◆ What you are asked to do: Please set down the data word for word; images do not go in the copy.

◆ Extracted material:
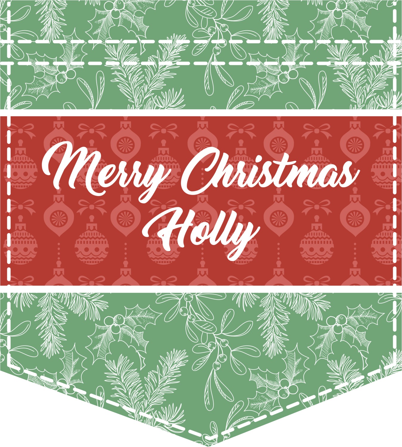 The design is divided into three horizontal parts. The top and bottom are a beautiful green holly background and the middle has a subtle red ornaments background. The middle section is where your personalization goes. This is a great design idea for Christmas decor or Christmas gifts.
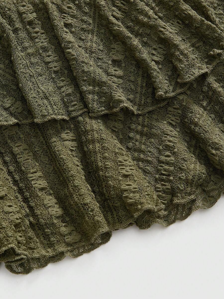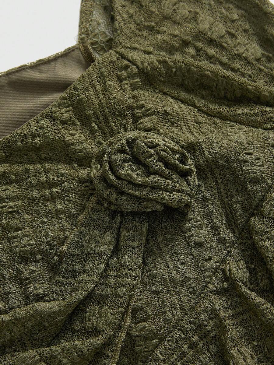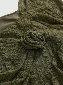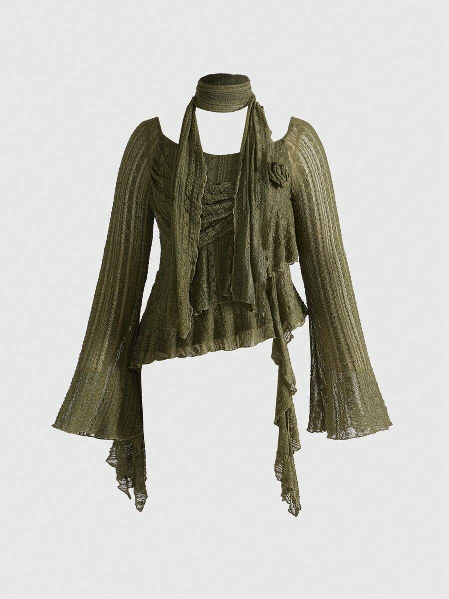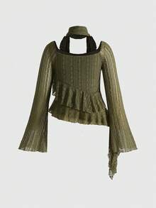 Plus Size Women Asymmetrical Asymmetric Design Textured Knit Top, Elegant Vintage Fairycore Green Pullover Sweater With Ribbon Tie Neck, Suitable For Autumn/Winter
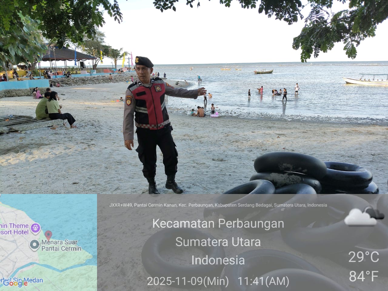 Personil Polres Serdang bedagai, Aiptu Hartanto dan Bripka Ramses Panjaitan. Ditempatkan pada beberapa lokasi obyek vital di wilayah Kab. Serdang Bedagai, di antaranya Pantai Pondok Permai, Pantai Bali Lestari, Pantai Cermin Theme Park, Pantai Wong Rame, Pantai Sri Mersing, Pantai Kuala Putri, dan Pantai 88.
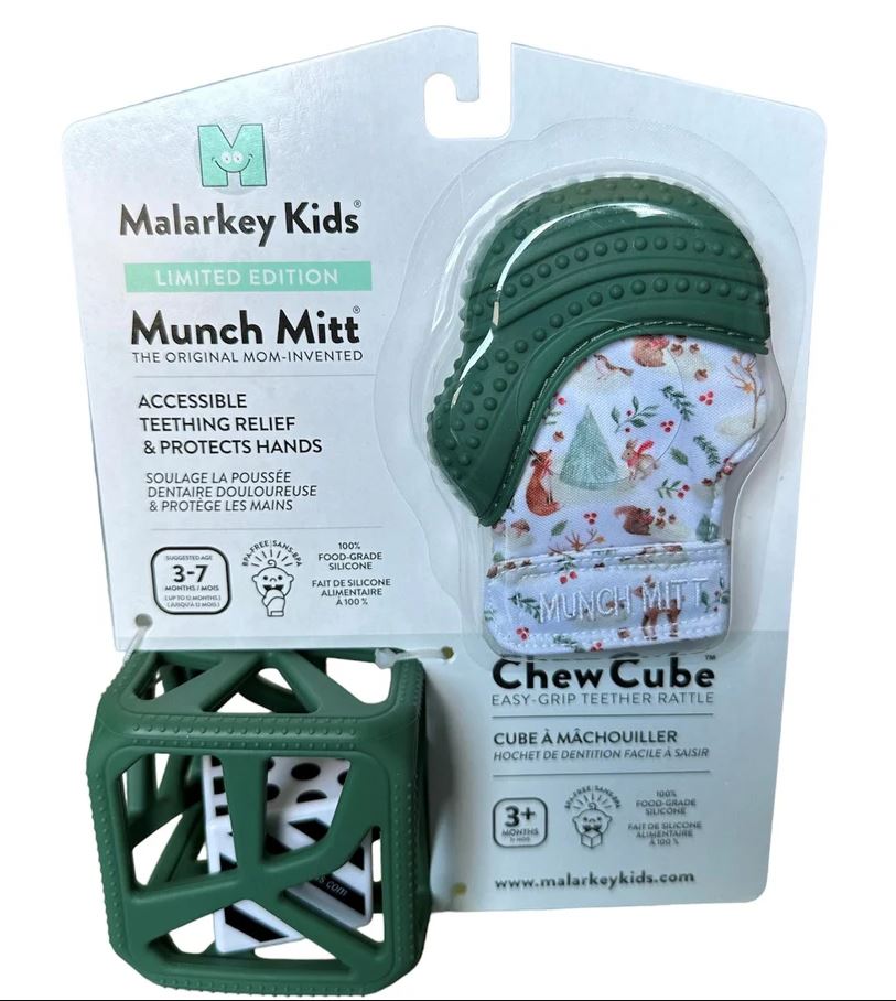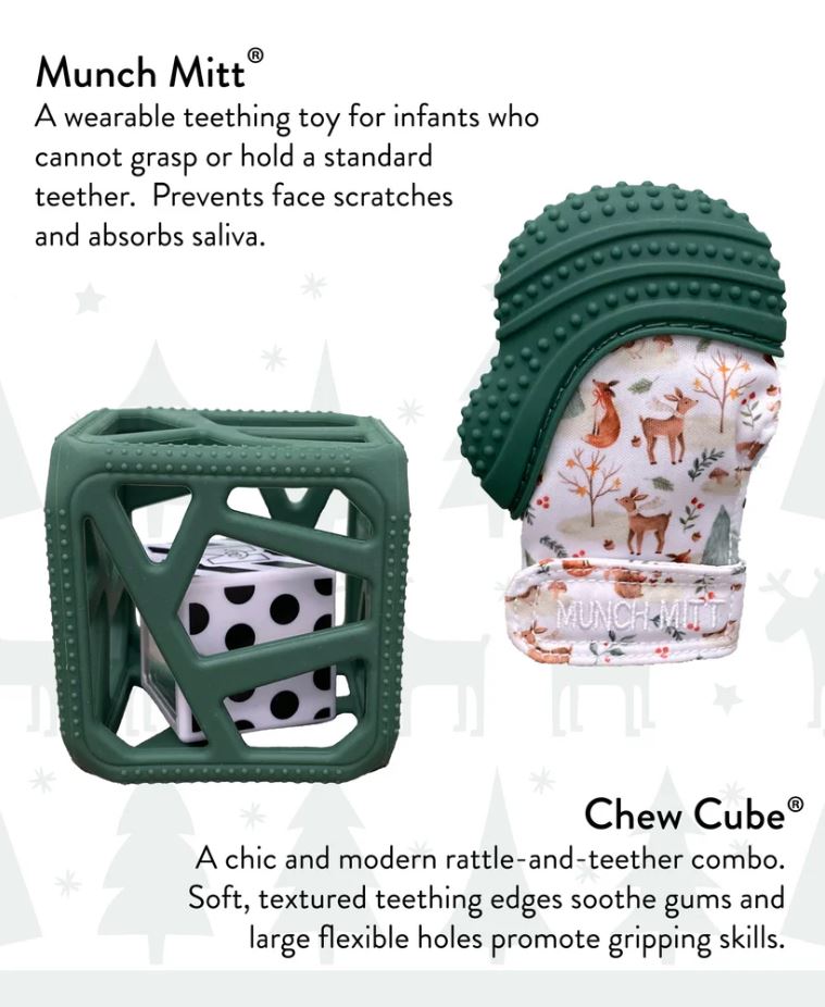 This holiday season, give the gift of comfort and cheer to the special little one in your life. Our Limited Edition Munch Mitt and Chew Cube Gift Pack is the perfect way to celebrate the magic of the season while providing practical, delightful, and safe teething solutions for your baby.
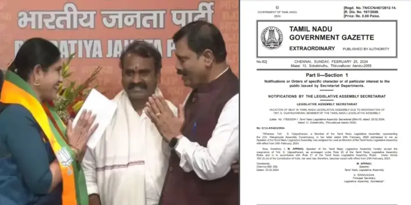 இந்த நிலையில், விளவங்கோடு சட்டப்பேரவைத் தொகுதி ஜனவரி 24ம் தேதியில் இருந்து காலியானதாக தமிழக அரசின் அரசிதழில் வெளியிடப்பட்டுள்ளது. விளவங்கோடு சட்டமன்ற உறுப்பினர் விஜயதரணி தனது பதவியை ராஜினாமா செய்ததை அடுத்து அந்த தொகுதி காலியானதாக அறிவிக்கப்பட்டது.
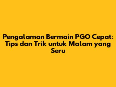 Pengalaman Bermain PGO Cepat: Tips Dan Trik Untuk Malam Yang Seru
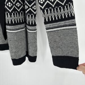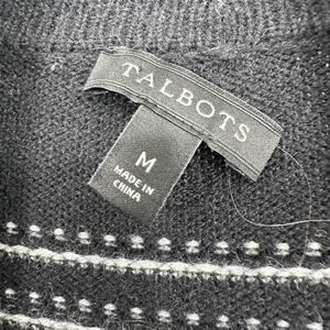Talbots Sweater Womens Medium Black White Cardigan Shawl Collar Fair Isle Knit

◆ Result of the task:
 The design is divided into three horizontal parts. The top and bottom are a beautiful green holly background and the middle has a subtle red ornaments background. The middle section is where your personalization goes. This is a great design idea for Christmas decor or Christmas gifts.
 Plus Size Women Asymmetrical Asymmetric Design Textured Knit Top, Elegant Vintage Fairycore Green Pullover Sweater With Ribbon Tie Neck, Suitable For Autumn/Winter
 Personil Polres Serdang bedagai, Aiptu Hartanto dan Bripka Ramses Panjaitan. Ditempatkan pada beberapa lokasi obyek vital di wilayah Kab. Serdang Bedagai, di antaranya Pantai Pondok Permai, Pantai Bali Lestari, Pantai Cermin Theme Park, Pantai Wong Rame, Pantai Sri Mersing, Pantai Kuala Putri, dan Pantai 88.
 This holiday season, give the gift of comfort and cheer to the special little one in your life. Our Limited Edition Munch Mitt and Chew Cube Gift Pack is the perfect way to celebrate the magic of the season while providing practical, delightful, and safe teething solutions for your baby.
 இந்த நிலையில், விளவங்கோடு சட்டப்பேரவைத் தொகுதி ஜனவரி 24ம் தேதியில் இருந்து காலியானதாக தமிழக அரசின் அரசிதழில் வெளியிடப்பட்டுள்ளது. விளவங்கோடு சட்டமன்ற உறுப்பினர் விஜயதரணி தனது பதவியை ராஜினாமா செய்ததை அடுத்து அந்த தொகுதி காலியானதாக அறிவிக்கப்பட்டது.
 Pengalaman Bermain PGO Cepat: Tips Dan Trik Untuk Malam Yang Seru
Talbots Sweater Womens Medium Black White Cardigan Shawl Collar Fair Isle Knit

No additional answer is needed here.